Hacía tanto frío que mi respiración salía formando una nube blanca. Recuerdo que me entretuve por el camino jugando a que fumaba, igual que mi padre. Y a ratos miraba hacia el suelo para verme los zapatos, que eran los azul marino con hebillas doradas que tanto me gustaban. Pero, ay, me apretaban un poco. Y al llegar a mi casa, después de tanto andar, tenía los pies hinchados y doloridos.
Al cabo de un rato mi padre me llevó a su despacho y me hizo sentarme en uno de los sillones, como a las visitas. Y me habló con gesto muy serio:
– Maruja, óyeme bien. Tu abuela se ha ido y ya no va a volver. Pero desde el Cielo va a seguir cuidando de ti.
De pronto entendí que mi abuela María se había muerto, y salí corriendo del despacho ahogándome en lágrimas e hipidos. Mi padre me llamaba, pero yo decidí buscar un sitio donde poder llorar a mi abuela en paz.
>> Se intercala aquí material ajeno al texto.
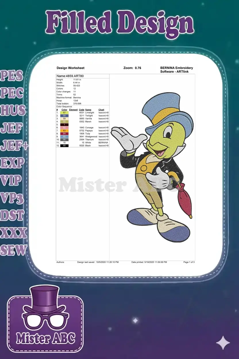 Embrace the charm of Disney’s Jiminy Cricket with this meticulously crafted embroidery design. Perfect for adding a touch of classic whimsy to any project.
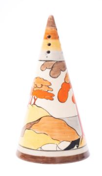 A Clarice Cliff Bizarre conical pattern sugar sifter decorated in the 'Coral Fir' pattern, printed marks, circa 1930-35, 13.5cm.

Y se me ocurrió esconderme en su habitación, donde yo había pasado tantas horas con ella, viéndola hacer ganchillo y oyendo sus historias de cuando era niña y vivía en una aldea. De modo que recorrí el helado pasillo hasta el final de la casa y abrí la puerta del dormitorio. Y allí estaba ella, sentada junto a la ventana con su labor de ganchillo sobre el regazo.
– Pero, abuela -recuerdo que dije acercándome, sin sentir apenas sorpresa-, si usted se ha muerto.